# 2016 buck



## alleyyooper (Jul 6, 2007)

32F feels like 21F wind NW @ 17mph. by 9:30 am it was down to 32 with a wind chill of 18F and 25 mph winds. Glad the wood burner was fired up as I came in frozen.

4:40pm in my front yard, first seen at 2:30, he was chasing does.
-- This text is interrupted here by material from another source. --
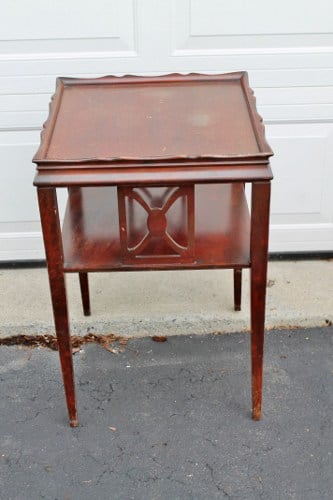 Hi everyone! I hope you all had a great week-end. I did some garage saling on Friday and laid pretty low on Saturday. Went out to dinner with friends to celebrate my sweet husband’s birthday. Then we enjoyed another birthday meal earlier today with the kids at Samurai, a Japanese hibachi place. Lucky guy. Tomorrow I’ll share Friday’s finds with you, but today I’ve got a simple furniture makeover for you.

Buck hammer ruined the heart and lungs he went about 10 feet. I call him a 7 1/2 as one brow tine is broken off.




























 Al


----------



## Kelly Hannan (Jan 9, 2007)

good eating there, Nice


----------



## Chuck Smith (Feb 22, 2005)

Nice work and congrats.


----------



## Plainsman (Jul 30, 2003)

:thumb:


----------



## alleyyooper (Jul 6, 2007)

Thanks.

 Al


----------



## the professor (Oct 13, 2006)

nice work. I'm a fan of the remington buckhammer slugs as well.


----------



## alleyyooper (Jul 6, 2007)

To bad they are not made and sold any longer. Figure they dropped them because they were affordable compare to the other stuff in their slug line. The were affordable and worked real well.

 Al


----------



## Habitat Hugger (Jan 19, 2005)

Way to go Alley! Nice buck. So far Ive never lived in a region that required slugs, so havent kept up with the different types. How far out can you hit em?


----------



## alleyyooper (Jul 6, 2007)

I would never take a shot my self past about 125 yards. But with todays slugs in a rifled barrel 250 yards would be about the limit for a expert which I am not.

 Al


----------